Climate change is expected to have marked impacts on forest ecosystems. In Ontario forests, this includes changes in tree growth, stand composition and disturbance regimes, with expected impacts on many forest-dependent communities, the bioeconomy, and other environmental considerations. In response to climate change, renewable energy systems, such as forest bioenergy, are emerging as critical tools for carbon emissions reductions and climate change mitigation. However, these systems may also need to adapt to changing forest conditions. Therefore, the aim of this research was to estimate changes in forest growth and forest cover in response to anticipated climatic changes in the year 2100 in Ontario forests, to ultimately explore the sustainability of bioenergy in the future. Using the Haliburton Forest and Wildlife Reserve in Ontario as a case study, this research used a spatial climate analog approach to match modeled Haliburton temperature and precipitation (via Fourth Canadian Regional Climate Model) to regions currently exhibiting similar climate (climate analogs).
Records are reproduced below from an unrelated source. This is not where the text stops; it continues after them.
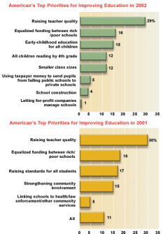 In the first PEN-Education Week poll, conducted in 2001, 30 percent of the respondents chose raising teacher quality as their top priority, and 18 percent picked equalizing school funding. The poll project is part of an ongoing effort to gauge public support for public education.
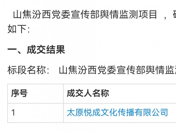 太原悦成文化传播中标山西汾西矿业集团舆情项目
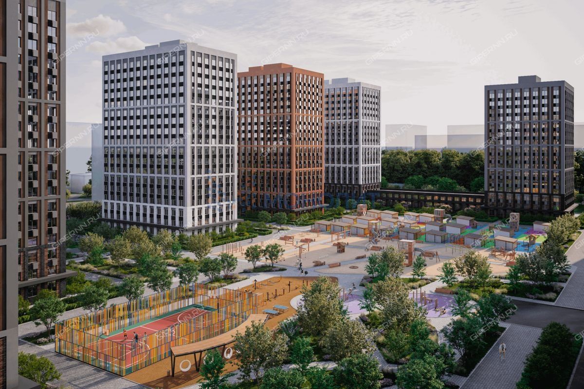 Проект состоит из 6 жилых домов разной этажности. Ценители живописных видов по достоинству оценят квартиры на высоких этажах, где открывается вид на озеро или парк. А концепция «дворы без машин» подарит тишину и спокойствие тем, кто выберет квартиры на первых этажах. Проектом предусмотрены наземный и подземный паркинги, а также строительство детского сада на 240 мест, который будет расположен в глубине квартала вдали от оживленной улицы.
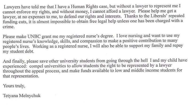 Mise à jour sur la pétitionGrant Tetyana Melnychuk her Bachelor of Science in Nursing degree which UNBC withheld through discrimination and abuseHuman Rights: Where are they ?
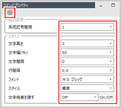 系統記号の文字と図形が重なった場合に、文字の背景を隠すときは[On]を選択します。 [On/Off]ボタンをクリックすると、[On]と[Off]が交互に切り替わります。 |
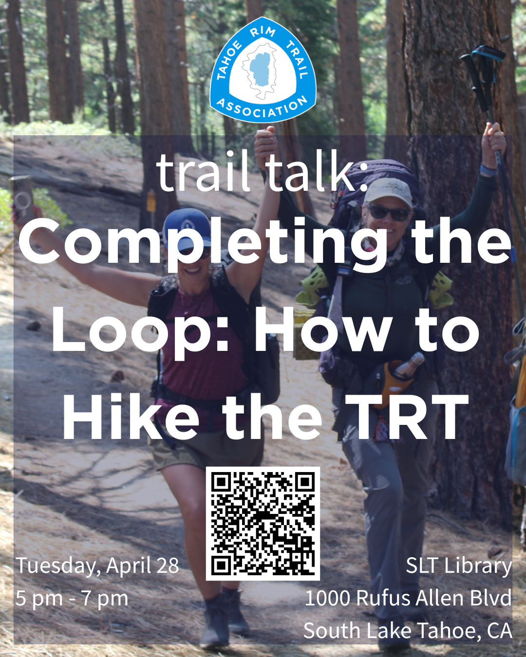 TRTA Trail Talk: How to Hike the TRT📍 South Lake Tahoe Library1000 Rufus Allen Blvd, South Lake Tahoe, CA 96150🕔 5:00 PM – 7:00 PM Join the Tahoe Rim Trail... Read more »
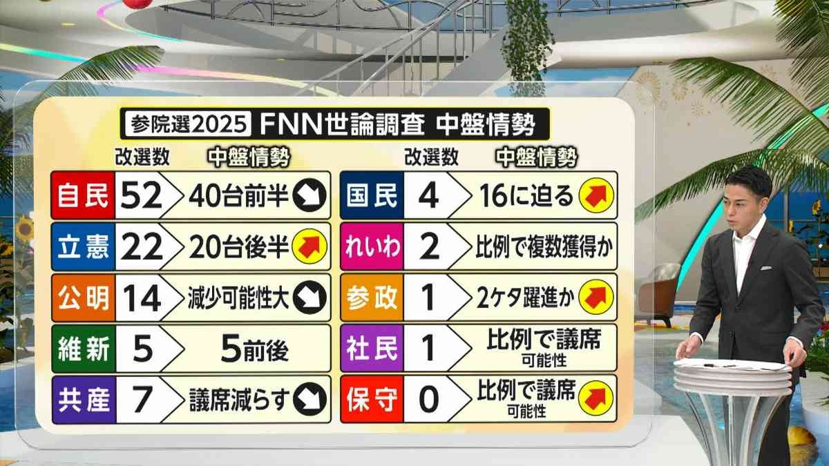 自民は40議席台前半の可能性…参院選中盤情勢・FNN世論調査 「1人区」でも与野党接戦【もっと投票の前に】
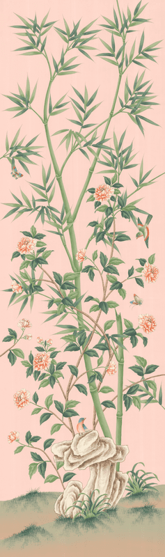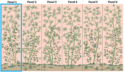Inspired by 19th Century Chinese wallpaper in Belton House in Lincolnshire, UK, this layered beauty was designed so it could be trimmed from the top. Each panel measures 3'w x 10'h, and the full repeat is 6 panels wide, with panel 6 connecting to panel 1. Panels can be ordered individually in any quantity, and the minimum order is 1 panel.
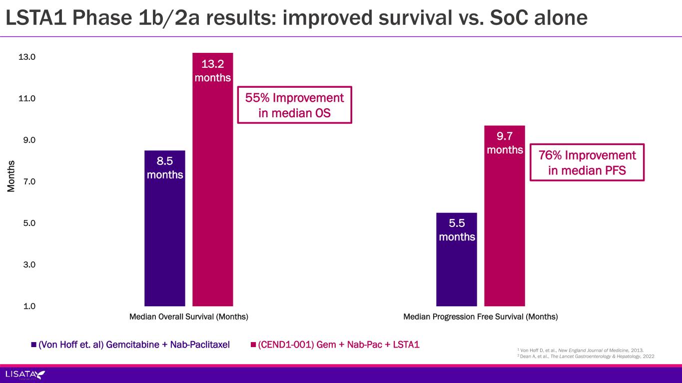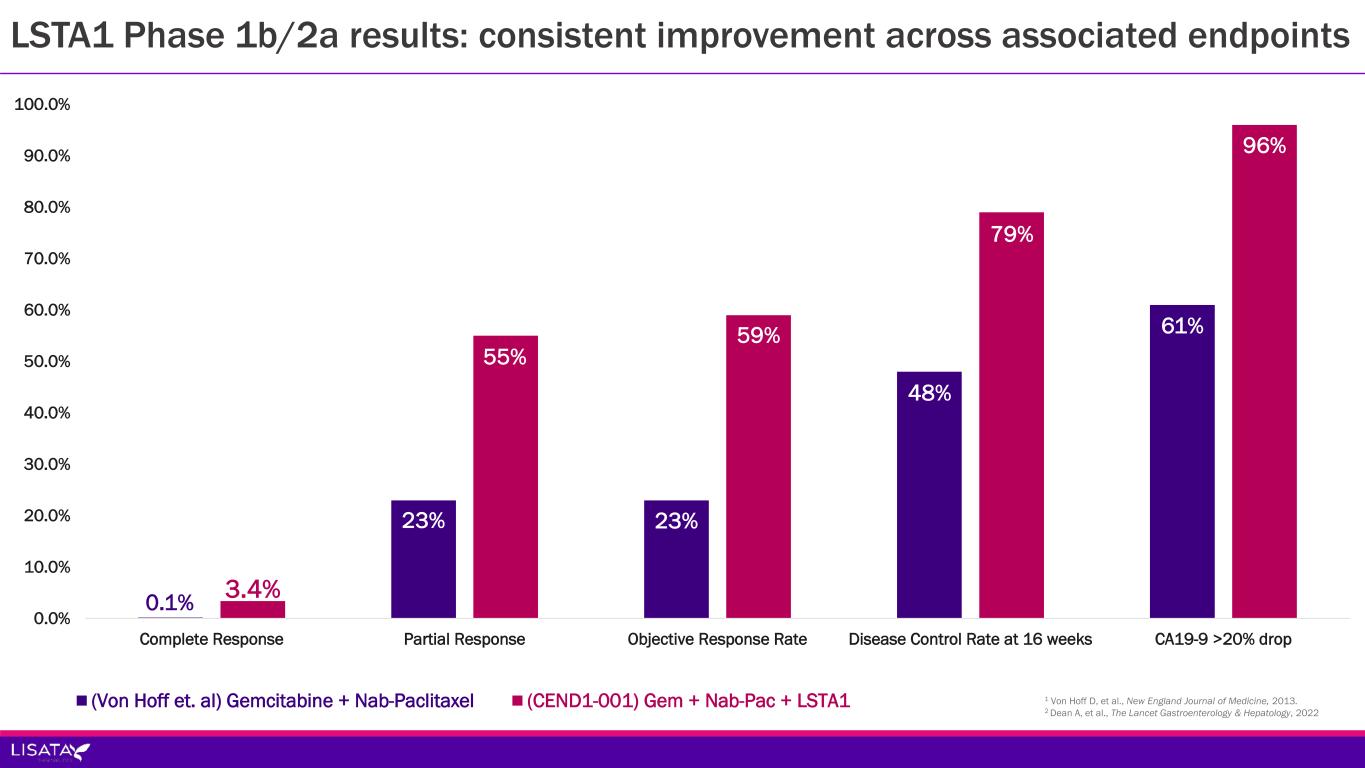 0.0% 10.0% 20.0% 30.0% 40.0% 50.0% 60.0% 70.0% 80.0% 90.0% 100.0% Complete Response Partial Response Objective Response Rate Disease Control Rate at 16 weeks CA19-9 >20% drop (Von Hoff et. al) Gemcitabine + Nab-Paclitaxel (CEND1-001) Gem + Nab-Pac + LSTA1 LSTA1 Phase 1b/2a results: consistent improvement across associated endpoints 1 Von Hoff D, et al., New England Journal of Medicine, 2013. 2 Dean A, et al., The Lancet Gastroenterology & Hepatology, 2022 59% 23% 3.4%0.1% 55% 23% 48% 79% 61% 96%
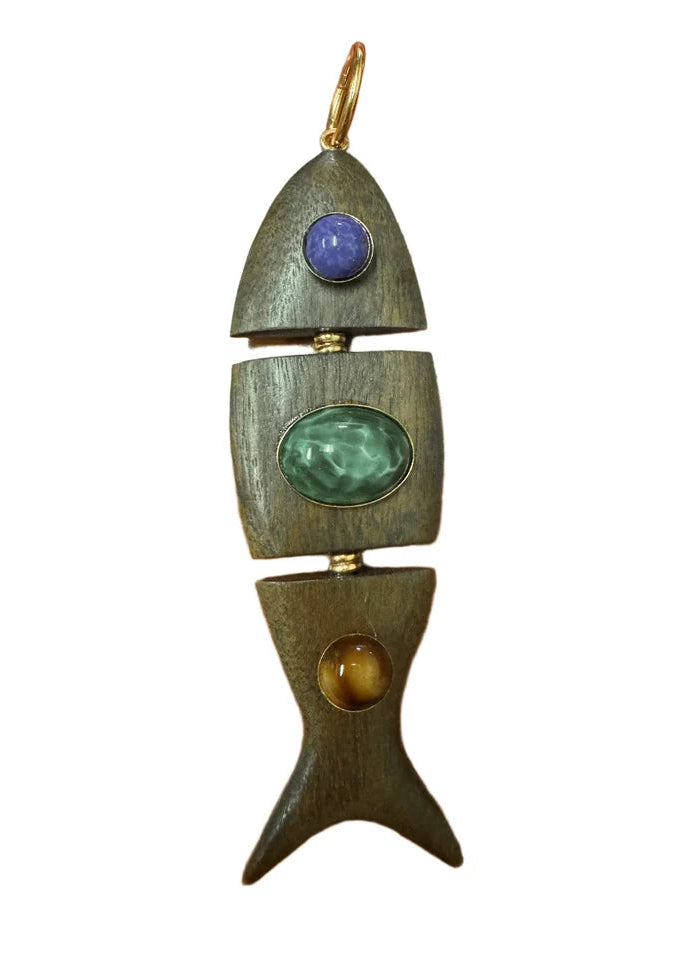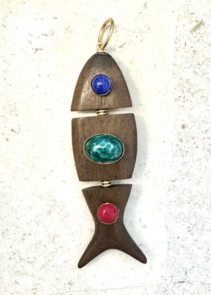 Discover the artisanal craftsmanship of Viviane Guenoun's Wooden Fish Charm, where natural wood meets crystalline elegance. Each pendant is individually carved and hand-polished, creating a distinctive piece with its own character and grain pattern. Adorned with gleaming crystals, this charm embodies timeless symbolism—representing prosperity, creativity, and harmonious movement. The organic warmth of sustainably sourced wood pairs seamlessly with refined gemstone accents, making it equally striking as a standalone pendant or layered charm. At approximately 10 cm, this limited-edition design celebrates the philosophy that true luxury lies in authenticity and individuality. Every creation is singular, never to be replicated, ensuring you own a genuinely exclusive work of wearable art.
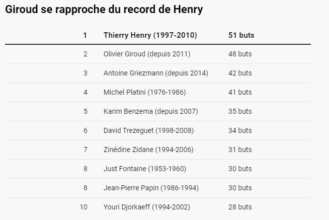 Ο άσος της Μίλαν βρίσκεται πλέον πολύ κοντά στο ρεκόρ του Τιερί Ανρί ο οποίος είναι στην 1η θέση των κορυφαίων σκόρερ όλων των εποχών της Γαλλίας με 51 γκολ, με την διαφορά να είναι πλέον στα τρία τέρματα.
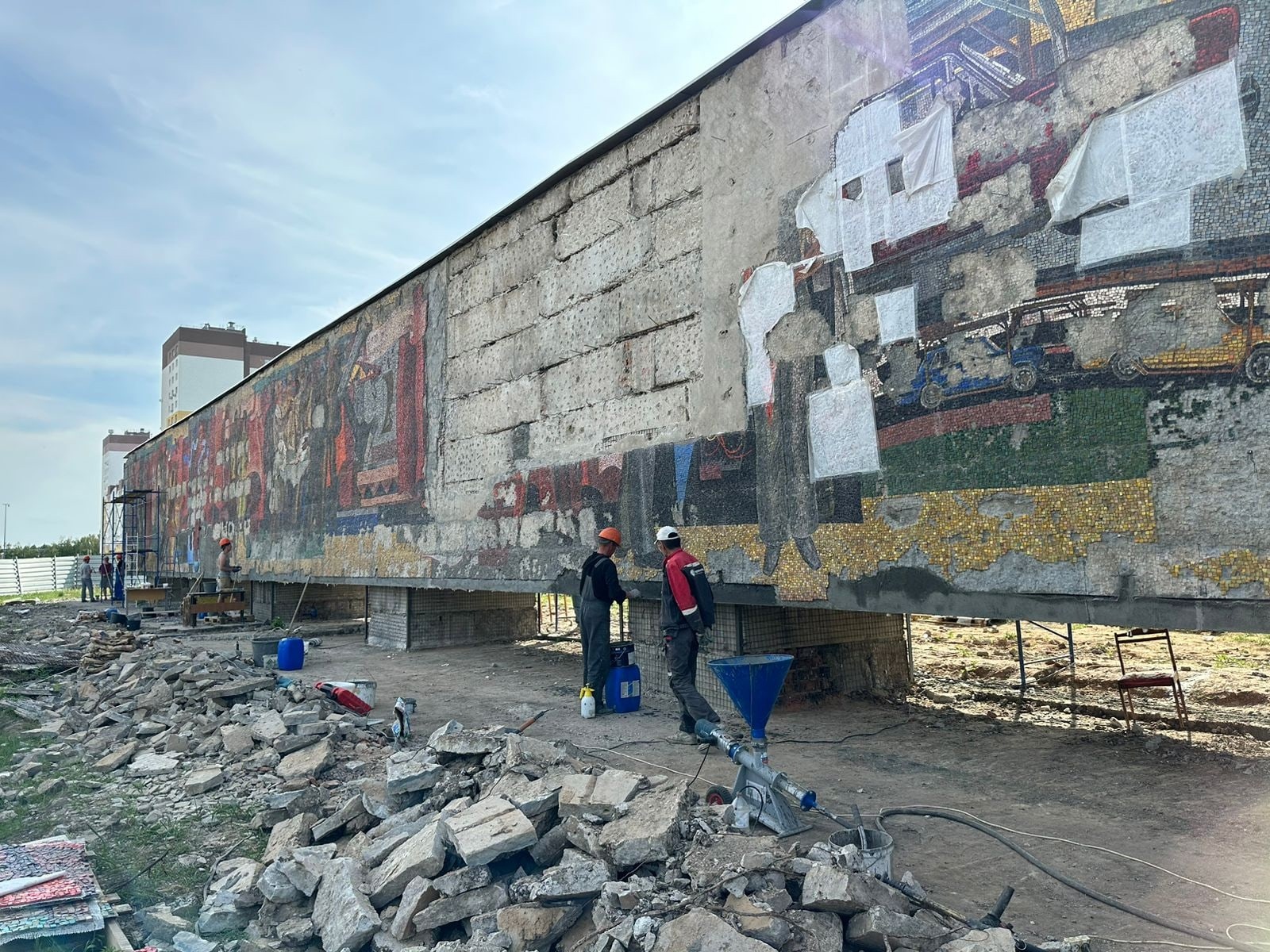 Уникальная работа: В Тольятти удалось восстановить 145 кв.м. стелы-панно «Радость труда»

From there, current forest cover and growth rates of core species in Haliburton were compared to forests plots in analog regions from the US Forest Service Forest Inventory and Analysis (FIA). This comparison used two different emission scenarios, corresponding to a high and a mid-range emission future. This research then explored how these changes in forests may influence bioenergy feasibility in the future. It examined possible volume availability and composition of bioenergy feedstock under future conditions. This research points to a potential decline of softwoods in the Haliburton region with a simultaneous expansion of pre-established hardwoods such as northern red oak and red maple, as well as a potential loss in sugar maple cover. From a bioenergy perspective, hardwood residues may be the most feasible feedstock in the future with minimal change in biomass availability for energy production; under these possible conditions, small scale combined heat and power (CHP) and residential pellet use may be the most viable and ecologically sustainable options. Ultimately, understanding the way in which forests may change is important in informing meaningful policy and management, allowing for improved forest bioenergy systems, now and in the future.